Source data
= Beginning of Section =

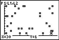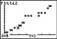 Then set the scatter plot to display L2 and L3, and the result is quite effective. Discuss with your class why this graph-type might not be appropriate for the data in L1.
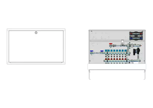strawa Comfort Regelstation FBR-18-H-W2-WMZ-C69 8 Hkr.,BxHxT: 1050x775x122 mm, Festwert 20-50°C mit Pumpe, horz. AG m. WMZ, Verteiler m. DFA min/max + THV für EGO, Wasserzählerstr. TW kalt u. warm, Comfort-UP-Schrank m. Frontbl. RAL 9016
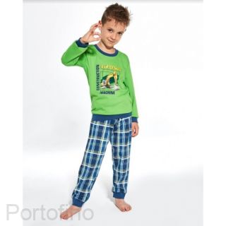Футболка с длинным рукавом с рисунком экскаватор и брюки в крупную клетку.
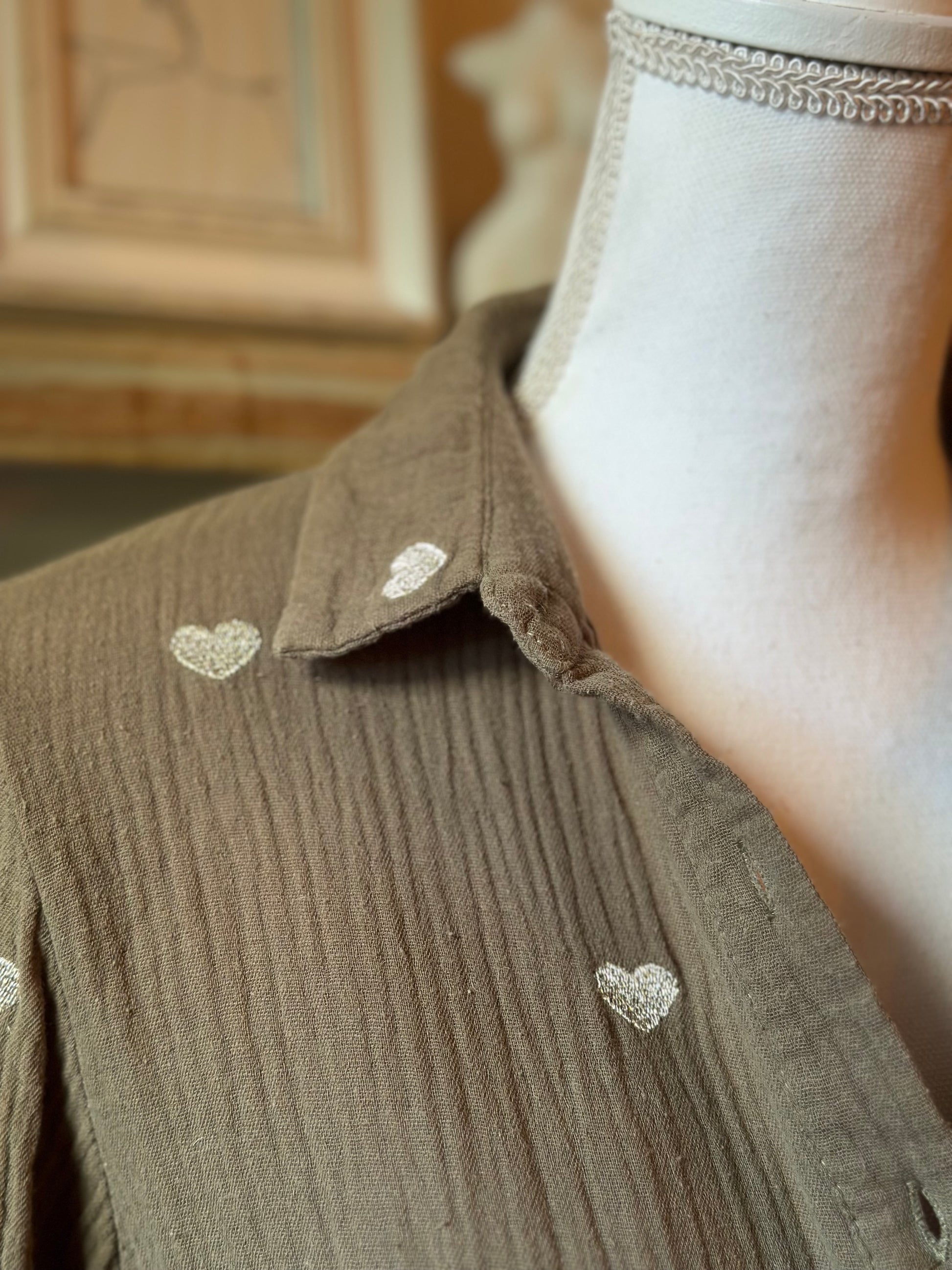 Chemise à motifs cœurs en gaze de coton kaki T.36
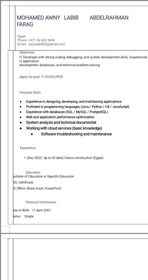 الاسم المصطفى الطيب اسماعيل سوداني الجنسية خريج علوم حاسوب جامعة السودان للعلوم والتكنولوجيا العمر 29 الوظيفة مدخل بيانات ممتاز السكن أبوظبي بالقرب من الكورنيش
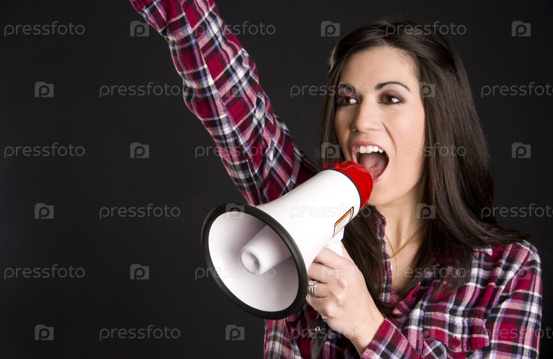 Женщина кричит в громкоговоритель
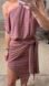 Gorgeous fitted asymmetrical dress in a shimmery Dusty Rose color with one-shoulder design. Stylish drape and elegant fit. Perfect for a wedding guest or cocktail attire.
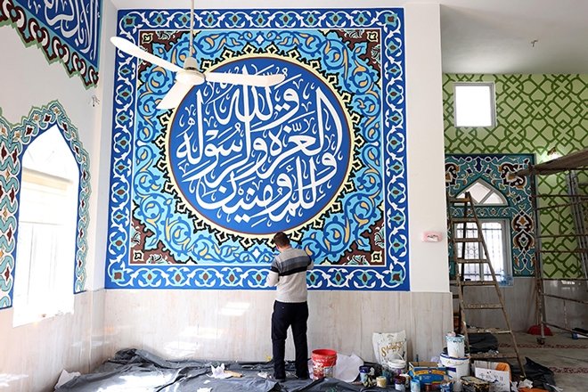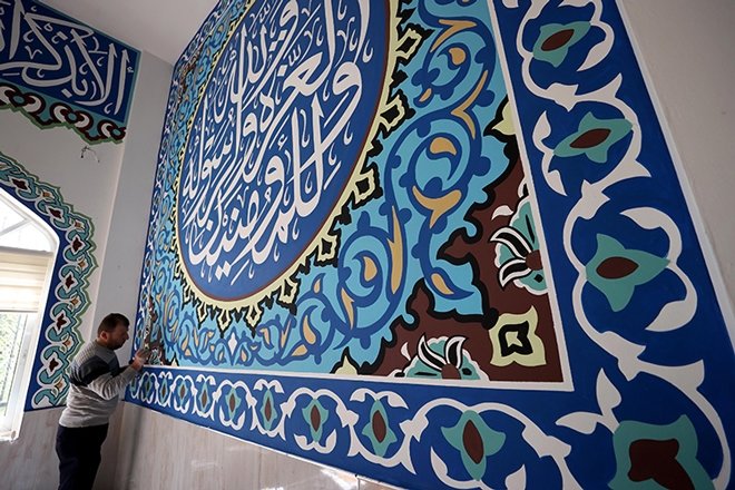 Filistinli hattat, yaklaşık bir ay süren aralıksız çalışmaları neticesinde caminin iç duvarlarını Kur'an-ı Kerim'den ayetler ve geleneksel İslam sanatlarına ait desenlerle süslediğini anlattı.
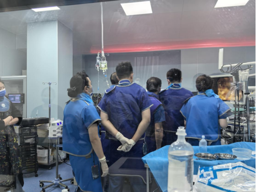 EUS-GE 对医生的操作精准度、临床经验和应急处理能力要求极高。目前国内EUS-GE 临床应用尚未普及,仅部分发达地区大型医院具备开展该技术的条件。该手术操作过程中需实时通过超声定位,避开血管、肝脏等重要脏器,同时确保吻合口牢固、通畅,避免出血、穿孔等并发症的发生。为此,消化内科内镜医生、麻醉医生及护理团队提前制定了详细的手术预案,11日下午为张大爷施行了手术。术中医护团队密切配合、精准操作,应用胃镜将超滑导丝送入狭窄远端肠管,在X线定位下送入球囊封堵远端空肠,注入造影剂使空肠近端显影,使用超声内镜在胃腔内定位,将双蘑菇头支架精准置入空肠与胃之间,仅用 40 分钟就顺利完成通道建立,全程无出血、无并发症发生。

= End of Section =

Could you copy all of the entries above exactly, without the pictures?

 Then set the scatter plot to display L2 and L3, and the result is quite effective. Discuss with your class why this graph-type might not be appropriate for the data in L1.
strawa Comfort Regelstation FBR-18-H-W2-WMZ-C69 8 Hkr.,BxHxT: 1050x775x122 mm, Festwert 20-50°C mit Pumpe, horz. AG m. WMZ, Verteiler m. DFA min/max + THV für EGO, Wasserzählerstr. TW kalt u. warm, Comfort-UP-Schrank m. Frontbl. RAL 9016
Футболка с длинным рукавом с рисунком экскаватор и брюки в крупную клетку.
 Chemise à motifs cœurs en gaze de coton kaki T.36
 الاسم المصطفى الطيب اسماعيل سوداني الجنسية خريج علوم حاسوب جامعة السودان للعلوم والتكنولوجيا العمر 29 الوظيفة مدخل بيانات ممتاز السكن أبوظبي بالقرب من الكورنيش
 Женщина кричит в громкоговоритель
 Gorgeous fitted asymmetrical dress in a shimmery Dusty Rose color with one-shoulder design. Stylish drape and elegant fit. Perfect for a wedding guest or cocktail attire.
 Filistinli hattat, yaklaşık bir ay süren aralıksız çalışmaları neticesinde caminin iç duvarlarını Kur'an-ı Kerim'den ayetler ve geleneksel İslam sanatlarına ait desenlerle süslediğini anlattı.
 EUS-GE 对医生的操作精准度、临床经验和应急处理能力要求极高。目前国内EUS-GE 临床应用尚未普及,仅部分发达地区大型医院具备开展该技术的条件。该手术操作过程中需实时通过超声定位,避开血管、肝脏等重要脏器,同时确保吻合口牢固、通畅,避免出血、穿孔等并发症的发生。为此,消化内科内镜医生、麻醉医生及护理团队提前制定了详细的手术预案,11日下午为张大爷施行了手术。术中医护团队密切配合、精准操作,应用胃镜将超滑导丝送入狭窄远端肠管,在X线定位下送入球囊封堵远端空肠,注入造影剂使空肠近端显影,使用超声内镜在胃腔内定位,将双蘑菇头支架精准置入空肠与胃之间,仅用 40 分钟就顺利完成通道建立,全程无出血、无并发症发生。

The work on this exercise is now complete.